UA Baja Racing Gives Best Performance in Club History at International Competition
UA Baja Racing placed 21st out of a field of 100 teams in the 2011 international collegiate off-road racing competition, a personal best for the student engineering club.
One hundred student teams from the US, Brazil, Canada, France, Mexico, Argentina, Israel, and India converged on the Pittsburg State University campus in Kansas in May 2011 to compete in the Baja SAE Collegiate Design Series, organized by the Society of Automotive Engineers.
The last few years have seen the UA Engineering club climb steadily up the rankings. The team ascended from the back 20 in 2007 to come in 33rd in 2008 and 2009, but wrecks and mechanical problems pushed them back to 52nd and 53rd in 2010, when they entered two cars.
Tough Build
The UA team showed race-hardened engineering expertise this year with a solid performance against the experienced international field. UA Baja Racing's overall score was 668 points out of a possible 1000.
"We built a really solid car this year," said Josh Spivey, who graduated in May 2011 in mechanical engineering and recently stepped down as UA Baja Racing club president. Spivey's senior design project, which he and his design team presented at Engineering Design Day in May 2011, was building a drive train for the Baja racecar.
Achieving the highest finishing position in the club's history means that Spivey hands over the reins on a high note, but he knows there is still work to be done. "We've got the build down," Spivey said. "Now it's about squeezing every last bit of horsepower out of the engine."

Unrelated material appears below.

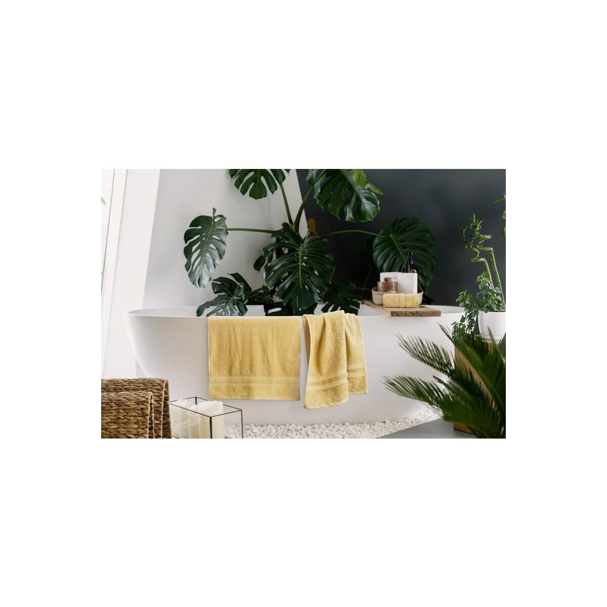 Elegantne rätik, valmistatud pehmest ja väga imavast froteekangast ühte tooni värviga. Servad on kaunistatud peene veluuräärisega, muutes selle stiilseks lisandiks teie vannituppa. Lihtne pesta, värvid püsivad pikalt kirkana.
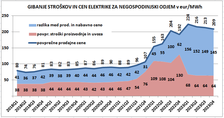 Iz slike je lepo razvidno, da so bile v preteklosti proizvodne cene elektrike v prodaji negospodinjskim odjemalcem nadgrajene z okoli dodatnih 40 eur/MWh za stroške prodaje in distribucije ter zaslužke elektrogospodarstva. Konec leta 2021, ko so proizvodne in uvozne cene pričele naraščati, istočasno beležimo tudi porast prodajnih cen za negospodinjske odjemalce, a v povprečju več kot so porasli stroški. Razlika med prodajnimi in oskrbnimi cenami elektrike se je tako v letu 2022 celo povečala, še večje odstopanje pa je bilo v letu 2023. Takrat so stroški domače proizvodnje upadli, prav tako uvozne cene, znižal pa se je tudi delež uvoza. Vseeno pa statistika kaže, da so prodajne cene lani ostale na približno enakem nivoju, verjetno kot posledica podpisanih dolgoročnih pogodb o nakupu elektrike iz leta 2021 in 2022. Razlika med stroški oskrbe z elektriko iz domačih elektrarn in uvoza do prodajnih cen se je tako povečala s 40 eur v letih 2018-2021 na okoli 140 eur/MWh, kar seveda pomeni večji zaslužek pri prodaji elektrike.

Managing that task will fall to Spivey's replacement as club president, civil engineering junior Sean Hays. "We are going to build on what we have learned," Hays said. "We will do more testing, refine the transmission, and carefully measure the car's performance."
Mud and Penalties
The trick to placing well in this competition is to put in a robust performance in every category without incurring penalty points, which is exactly what the UA team did this year, and hopes to do next. In the static events of cost and design reports and presentations, the team scored 207 out of 300, with their design report drawing a noteworthy 158 out of 200 from the judges.
The story was the same in the dynamic events, which test acceleration, maneuverability, pulling power, suspension and traction, and, of course, driving ability. UA Baja Racing completed every event and scored 180 out of 300 available points, including an impressive 61 out of 75 for maneuverability, the 4th best score in that event.
The final event, the endurance race, is an epic test of every aspect of the car's design and driver's ability, and carries fully 40 percent of the overall points available. UA tackled the demanding course to finish 22nd in this event with 281 points out of a maximum of 400.
The UA car faced an unexpectedly tough obstacle in the endurance event -- mud. The days preceding the race saw the area's worst weather in 60 years. "I have never seen mud like that," said Spivey, who was one of the drivers during the race. "It was power-robbing and we were lucky we did not get stuck." Hays concurred: "There was probably a hundred pounds of mud on the car by the end of the race," he said.
Baja SAE, organized by the Society of Automotive Engineers, consists of regional competitions that simulate real-world engineering design projects and their related challenges. The idea behind the competition is to prepare team members for work in the real world and its rules and regulations, deadlines and goals.
UA Baja Racing designs new vehicles every year and competes in the Baja SAE Collegiate Design Series every summer. Teams must design, build, market and race a single-seat off-road vehicle while securing financial support for their vehicles and keeping up educational priorities.